* **WORK REQUIRED**
Print the records below exactly, from the line containing "幽门螺旋杆菌四联药 四联疗法 灭杀幽门螺杆菌胶体果胶铋胶囊胃炎胃药胃酸反酸烧心" down to the line containing "Das gemeinsam mit", both lines included, and omit every picture.

* **INPUT**
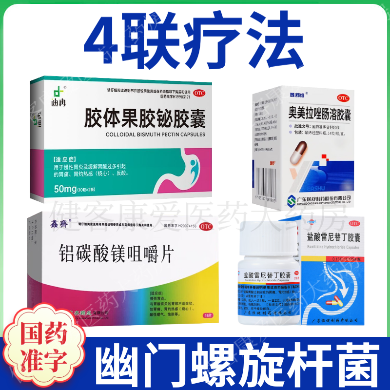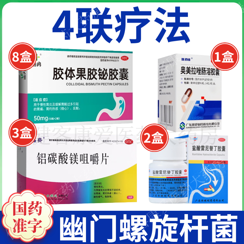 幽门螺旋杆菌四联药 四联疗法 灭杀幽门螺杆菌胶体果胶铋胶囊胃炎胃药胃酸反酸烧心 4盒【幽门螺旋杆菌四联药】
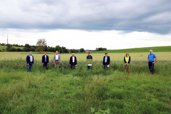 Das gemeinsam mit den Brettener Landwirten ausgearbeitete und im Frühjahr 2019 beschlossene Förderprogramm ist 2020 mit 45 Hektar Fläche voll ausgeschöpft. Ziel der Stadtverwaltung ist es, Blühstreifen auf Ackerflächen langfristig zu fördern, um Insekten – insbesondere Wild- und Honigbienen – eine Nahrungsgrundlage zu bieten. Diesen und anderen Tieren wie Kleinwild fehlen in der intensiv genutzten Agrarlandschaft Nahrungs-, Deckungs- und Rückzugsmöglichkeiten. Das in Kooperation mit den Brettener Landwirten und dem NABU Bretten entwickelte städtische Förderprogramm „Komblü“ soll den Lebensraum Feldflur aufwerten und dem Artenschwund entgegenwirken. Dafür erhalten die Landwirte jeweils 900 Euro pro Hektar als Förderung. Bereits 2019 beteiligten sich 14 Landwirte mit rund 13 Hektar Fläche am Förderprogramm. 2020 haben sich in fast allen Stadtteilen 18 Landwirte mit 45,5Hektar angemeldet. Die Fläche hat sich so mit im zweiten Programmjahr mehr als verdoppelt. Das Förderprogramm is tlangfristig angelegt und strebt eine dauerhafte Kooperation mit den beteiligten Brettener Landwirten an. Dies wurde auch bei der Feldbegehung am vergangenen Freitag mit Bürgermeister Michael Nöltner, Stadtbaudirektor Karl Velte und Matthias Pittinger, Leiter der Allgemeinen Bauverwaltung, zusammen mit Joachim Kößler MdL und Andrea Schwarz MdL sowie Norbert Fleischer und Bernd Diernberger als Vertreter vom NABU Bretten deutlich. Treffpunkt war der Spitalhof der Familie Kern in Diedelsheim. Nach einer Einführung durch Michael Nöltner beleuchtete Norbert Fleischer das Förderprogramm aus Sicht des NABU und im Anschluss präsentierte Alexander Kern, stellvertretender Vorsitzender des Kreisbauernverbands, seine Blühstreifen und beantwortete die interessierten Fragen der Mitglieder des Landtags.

--

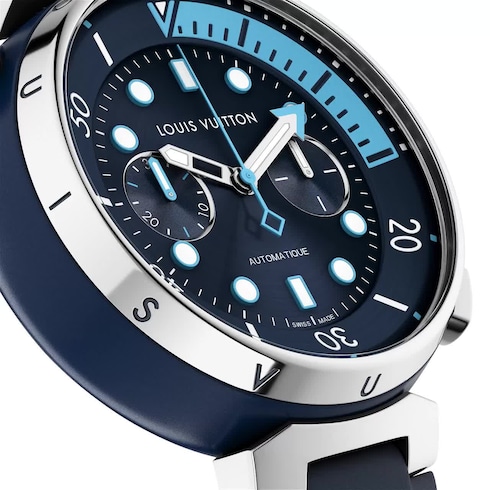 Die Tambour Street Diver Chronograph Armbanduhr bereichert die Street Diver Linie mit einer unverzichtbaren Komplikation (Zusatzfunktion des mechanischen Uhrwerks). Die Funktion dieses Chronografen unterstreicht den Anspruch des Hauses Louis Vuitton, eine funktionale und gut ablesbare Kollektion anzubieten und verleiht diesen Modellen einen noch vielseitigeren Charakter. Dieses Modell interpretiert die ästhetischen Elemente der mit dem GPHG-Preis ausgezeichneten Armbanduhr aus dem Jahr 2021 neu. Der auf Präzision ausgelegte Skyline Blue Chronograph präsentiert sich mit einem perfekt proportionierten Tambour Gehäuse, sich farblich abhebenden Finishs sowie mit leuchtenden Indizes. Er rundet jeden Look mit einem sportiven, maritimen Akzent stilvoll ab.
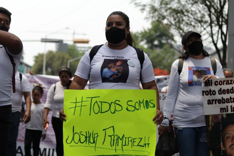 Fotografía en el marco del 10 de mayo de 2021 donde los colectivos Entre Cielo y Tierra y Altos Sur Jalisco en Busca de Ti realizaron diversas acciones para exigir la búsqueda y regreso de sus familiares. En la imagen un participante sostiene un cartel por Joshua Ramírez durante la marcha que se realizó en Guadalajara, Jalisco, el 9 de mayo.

* **RESULT FOR THIS TASK**
 幽门螺旋杆菌四联药 四联疗法 灭杀幽门螺杆菌胶体果胶铋胶囊胃炎胃药胃酸反酸烧心 4盒【幽门螺旋杆菌四联药】
 Das gemeinsam mit den Brettener Landwirten ausgearbeitete und im Frühjahr 2019 beschlossene Förderprogramm ist 2020 mit 45 Hektar Fläche voll ausgeschöpft. Ziel der Stadtverwaltung ist es, Blühstreifen auf Ackerflächen langfristig zu fördern, um Insekten – insbesondere Wild- und Honigbienen – eine Nahrungsgrundlage zu bieten. Diesen und anderen Tieren wie Kleinwild fehlen in der intensiv genutzten Agrarlandschaft Nahrungs-, Deckungs- und Rückzugsmöglichkeiten. Das in Kooperation mit den Brettener Landwirten und dem NABU Bretten entwickelte städtische Förderprogramm „Komblü“ soll den Lebensraum Feldflur aufwerten und dem Artenschwund entgegenwirken. Dafür erhalten die Landwirte jeweils 900 Euro pro Hektar als Förderung. Bereits 2019 beteiligten sich 14 Landwirte mit rund 13 Hektar Fläche am Förderprogramm. 2020 haben sich in fast allen Stadtteilen 18 Landwirte mit 45,5Hektar angemeldet. Die Fläche hat sich so mit im zweiten Programmjahr mehr als verdoppelt. Das Förderprogramm is tlangfristig angelegt und strebt eine dauerhafte Kooperation mit den beteiligten Brettener Landwirten an. Dies wurde auch bei der Feldbegehung am vergangenen Freitag mit Bürgermeister Michael Nöltner, Stadtbaudirektor Karl Velte und Matthias Pittinger, Leiter der Allgemeinen Bauverwaltung, zusammen mit Joachim Kößler MdL und Andrea Schwarz MdL sowie Norbert Fleischer und Bernd Diernberger als Vertreter vom NABU Bretten deutlich. Treffpunkt war der Spitalhof der Familie Kern in Diedelsheim. Nach einer Einführung durch Michael Nöltner beleuchtete Norbert Fleischer das Förderprogramm aus Sicht des NABU und im Anschluss präsentierte Alexander Kern, stellvertretender Vorsitzender des Kreisbauernverbands, seine Blühstreifen und beantwortete die interessierten Fragen der Mitglieder des Landtags.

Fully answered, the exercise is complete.